E relatou tudo o que Tiamat havia tramado.

Anshar é também presa da preocupação. Em sua angústia golpeia seus


músculos e morde os lábios. Sua única solução é enviar Ea contra Tiamat. Recorda
Ea sobre sua vitória sobre o Apsu e Mummu e, ao que parece, o aconselha que
utilize agora os mesmos meios. Contudo, nesta ocasião, Ea não tem êxito. A palavra
de um só indivíduo, a poderosa palavra de Ea, não pode enfrentar Tiamat e exército.
Então Anshar volta até Anu, pedindo-lhe que vá a sua ajuda. Anu conta
certamente, com uma autoridade ainda maior do que a de Ea, e disse:

Se ela não obedece ao seu mandado,


Digo nosso mandado para que se acalme.
Se não é possível superar Tiamat com a autoridade de nenhum deus,
isoladamente, se deve usar contra ela o mandado de todos os deuses, respaldado
pó sua autoridade conjugada.
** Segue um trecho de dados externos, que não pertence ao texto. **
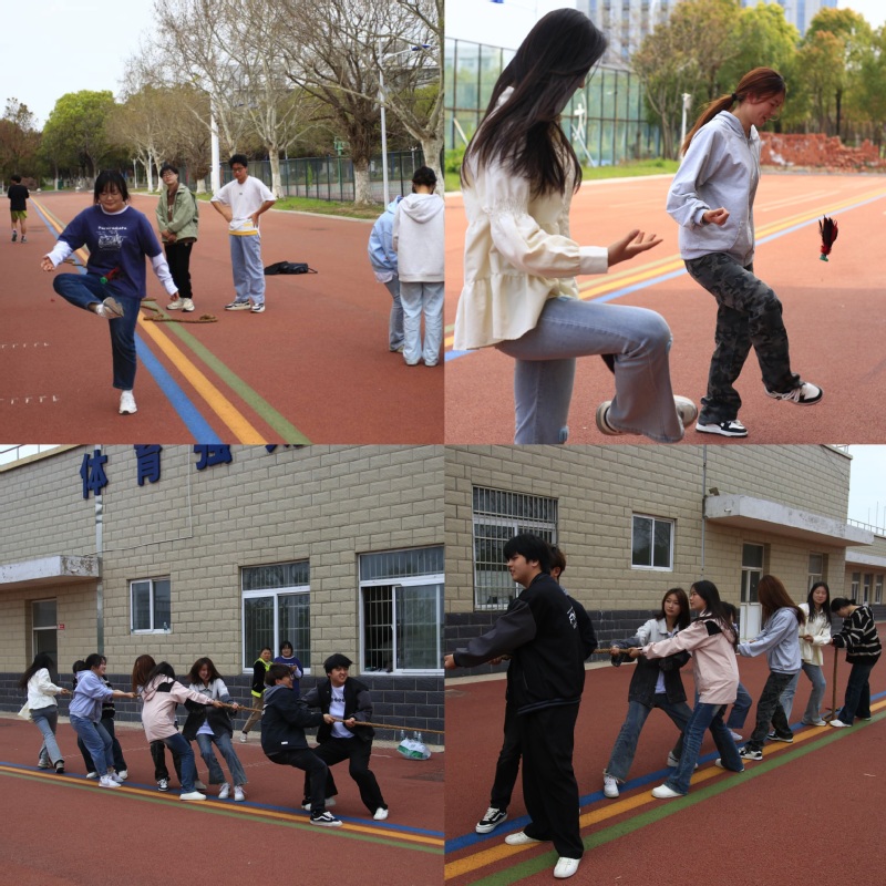 主题活动分为趣味跳绳、拔河和踢毽子三项。首先进行的是趣味跳绳和踢毽子比赛。只见二名同学奋力甩动手中的跳绳,其余的同学加快双脚的跳跃,比赛场面十分热烈。在拔河比赛现场,随着一声哨响,气氛迅速变得紧张激烈起来,大家心往一处想,劲往一处使,齐心协力、奋力拼搏。现场的观众激情呐喊,纷纷为各组队员们加油助威。一时间加油声、呐喊声、欢笑声此起彼伏,激情与紧张同在,友谊与竞争共存。大家相互配合,在欢声笑语中充分享受运动会带来的放松与快乐。

Entretanto, também isso falha; Anu é incapaz de
conter Tiamat e, voltando a Anshar, lhe pede que o liberte da tarefa. A autoridade
sozinha assim sendo o máximo que os deuses puderam dar, não foi o suficiente. Os
deuses agora enfrentam um perigo mais grave. Anshar que dirigiu as coisas até
agora, guarda silêncio.

Anshar ficou em silêncio, olhando firmemente o solo,


Balançou a cabeça, fez sinal a Ea.
Reunidos em assembléia, todos os Anunnaki,
Com lábis cerrados, se sentaram silenciosamente.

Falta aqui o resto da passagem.